We can kind of lean on the fact that we're only solving problems for a particular kind of power user, that we can be like "Well, actually, Octobox might not be for you if you're okay using e-mail." Or "If you only get a few notifications or you're not working with many other people on a private repository, that's okay. Octobox isn't for you. But you can use it if you like." But we're really gonna focus on making those people who are doing huge amounts of work on managing a lot of communication to really make those people seem like they've got super-powers, because they've kind of been struggling for a long time… And a lot of the testimonials we get are people kind of suddenly feeling like they're back in control or they're able to actually then start to take on more things.
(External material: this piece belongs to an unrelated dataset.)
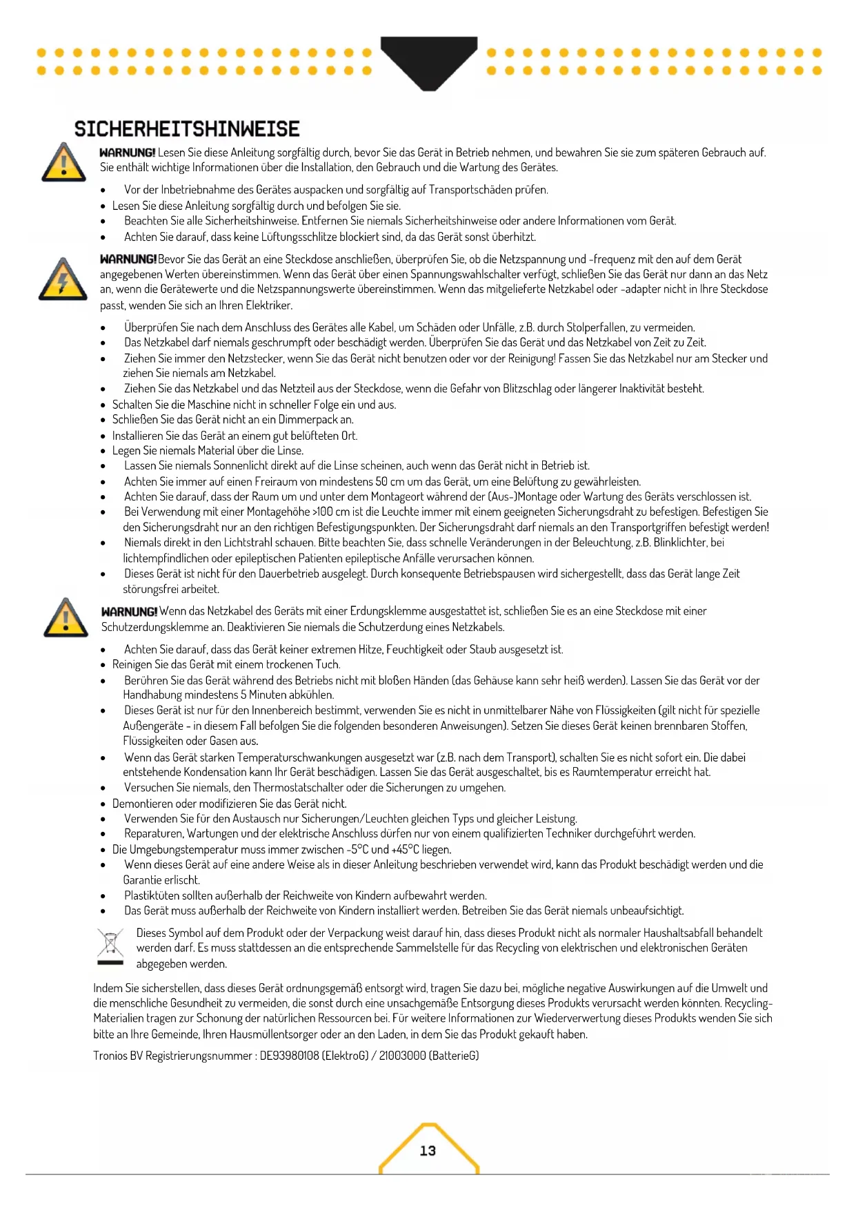 - Das Gerät muss außerhalb der Reichweite von Kindern installiert werden. Betreiben Sie das Gerät niemals unbeaufsichtigt. Dieses Symbol auf dem Produkt oder der Verpackung weist darauf hin, dass dieses Produkt nicht als normaler Haushaltsabfall behandelt werden darf. Es muss stattdessen an die entsprechende Sammelstelle für das Recycling von elektrischen und elektronischen Geräten abgegeben werden. Indem Sie sicherstellen, dass dieses Gerät ordnungsgemäß entsorgt wird, tragen Sie dazu bei, mögliche negative Auswirkungen auf die Umwelt und die menschliche Gesundheit zu vermeiden, die sonst durch eine unsachgemäße Entsorgung dieses Produkts verursacht werden könnten. Recycling- Materialien tragen zur Schonung der natürlichen Ressourcen bei. Für weitere Informationen zur Wiederverwertung dieses Produkts wenden Sie sich bitte an Ihre Gemeinde, Ihren Hausmüllentsorger oder an den Laden, in dem Sie das Produkt gekauft haben. Tronios BV Registrierungsnummer : DE93980108 (ElektroG) / 21003000 (BatterieG)Packen Sie den Karton sofort nach Erhalt sorgfältig aus, überprüfen Sie seinen Inhalt, um sicherzustellen, dass alle Teile vorhanden sind und in gutem Zustand erhalten wurden. Bei Transportschäden oder fehlenden Teilen ist der Verkäufer unverzüglich zu informieren. Lagern Sie die Verpackung und das Verpackungsmaterial. Wenn das Produkt zurückgegeben werden muss, ist es wichtig, dass das Produkt in der Originalverpackung zurückgegeben wird. Wenn das Gerät drastischen Temperaturunterschieden ausgesetzt war (z.B. nach dem Transport), schalten Sie es nicht sofort ein. Die dabei entstehende Kondensation kann das Gerät beschädigen. Vergewissern Sie sich, dass das Gerät Raumtemperatur hat, und stecken Sie dann den Netzstecker in die Steckdose. Auf der Rückseite von das Gerät wird angezeigt, an welche Netzspannung es angeschlossen werden muss. Prüfen Sie, ob die Netzspannung mit dieser übereinstimmt. Wenn die Netzspannung von der angegebenen abweicht, kann das Gerät irreparabel beschädigt werden. Das Gerät muss auch direkt an die Netzspannung angeschlossen werden. Es darf kein Dimmer oder eine einstellbare Stromversorgung verwendet werden. Das Gerät verfügt über einen powerconnector Netzausgang. Entsprechend der örtlichen Gegebenheiten können mehrere Geräte durch powerconnector Ein- und Ausgang verlinkt werden. Verbinden Sie maximal vier (bei Benutzung von 230V/16A) P12 in einer Reihe. Nutzen Sie dafür ein zugelassenes dreiadriges Kabel mit min. 1,5 mm² Querschnitt. Dabei sind die Installationshinweise vom Hersteller und die Farbkodierung des Kabels zu beachten. Schalten Sie das Gerät nicht durch Drehen des powerconnector aus, sondern verwenden Sie den Ein-/Ausschalter oder ziehen Sie den Netzstecker! Schließen Sie das Gerät immer an einen geschützten Stromkreis an (Fehlerstromschutzschalter oder Sicherung). Vergewissern Sie sich, dass das Gerät ausreichend elektrisch geerdet ist, um die Gefahr eines Stromschlags oder Brandes zu vermeiden. Das Gerät kann auf einer stabilen und ebenen Fläche aufgestellt werden. Durch die Befestigungsmöglichkeiten der Grundplatte kann das Gerät auch kopfüber an einer Traverse montiert werden, siehe untenstehende Abbildung. Für die Befestigung sind zertifizierte Klemmen mit korrekter Tragfähigkeit erforderlich. Der Montageort muss ausreichend stabil sein und ein Gewicht von dem 10-fachen des Gerätegewichts tragen können. Befestigen Sie das Gerät mit einem Sicherheitskabel so, dass es nicht herunterfallen kann. Befolgen Sie bei der Durchführung einer Installation immer die europäischen und nationalen Richtlinien bezüglich Rigging, Traversen und allen anderen Sicherheitsaspekten. Lassen Sie die Installation immer von einem autorisierten Fachhändler prüfen! Wenn Sie einen Standard-DMX-Controller verwenden, können Sie den DMX-Ausgang des Controller direkt mit dem DMX-Eingang des ersten Geräts verbinden. Verbinden Sie den DMX-Ausgang immer mit dem nächsten DMX-Eingang des nächsten Geräts, bis alle Geräte angeschlossen sind.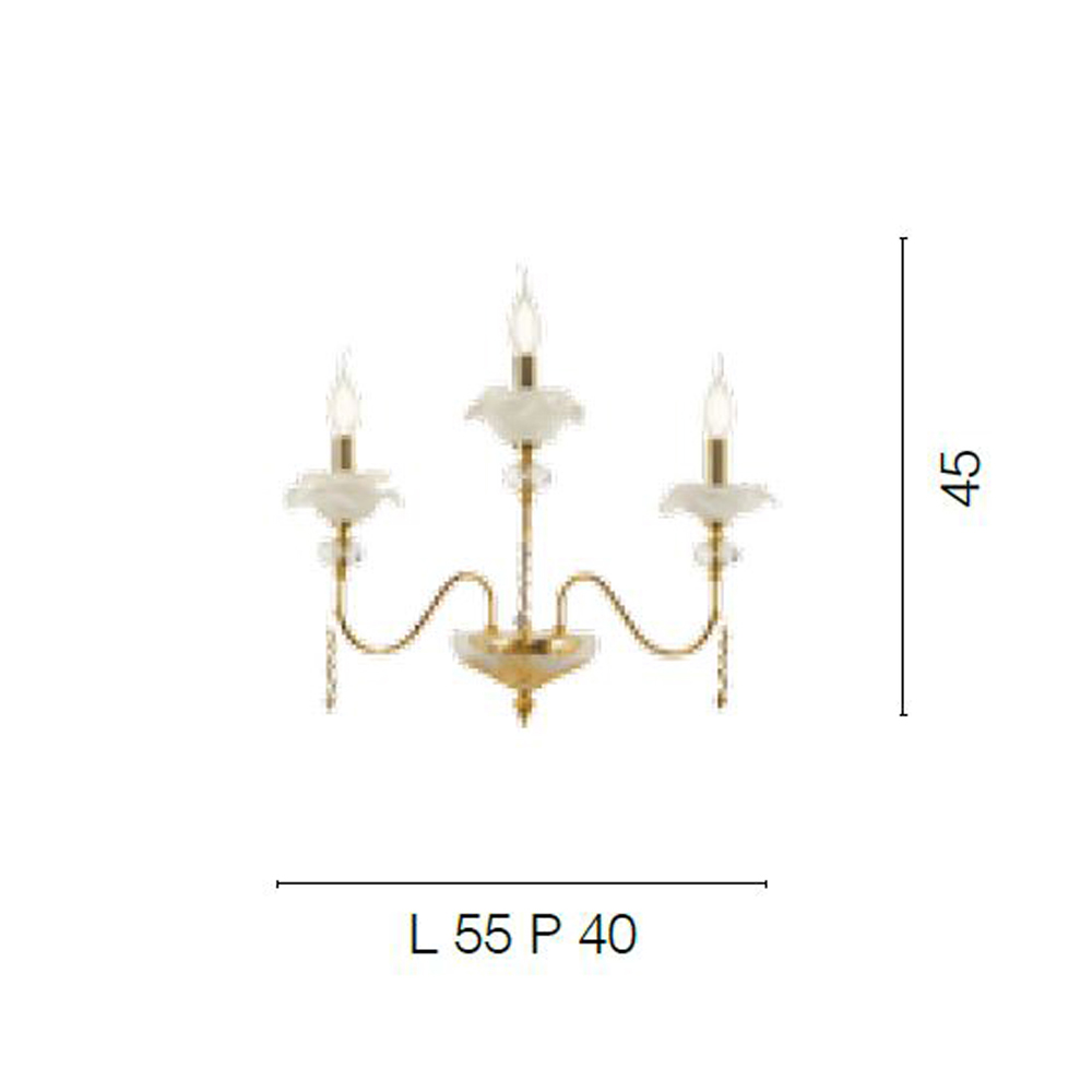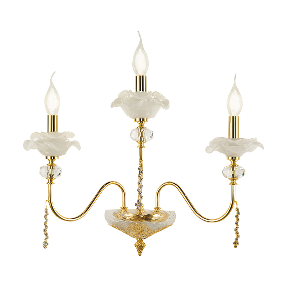 Nástěnná lampa se 3 světly z ručně vyráběného skla s poupaty a křišťálovými kapkami, luxusní vyrobeno v Itálii.

You're kind of like, "Oh, I could never possibly watch this repo, because I already get too many notifications." And then suddenly, you're like, "Actually, maybe I can."
I personally started watching the Ruby on Rails repository again, after I guess five years of not doing it.
I used to do it back when I was a junior, learning Ruby on Rails and kind of wanting to see what the masters were doing. I would watch for what was happening on the pull requests, and of course, then as work happens, you're kind of like "Oh, this is too much…" But Octobox has actually let me compartmentalize that enough to be like "Oh, let's see what's going on over here" and then put it away again, so you can context-switch out to just the Octobox stuff, but when December comes around, I just wanna look at the 24 Pull Requests stuff. Then once I've gone through that, then let's go see what else is still there, if I have the bandwidth for it. Otherwise, it will be there tomorrow.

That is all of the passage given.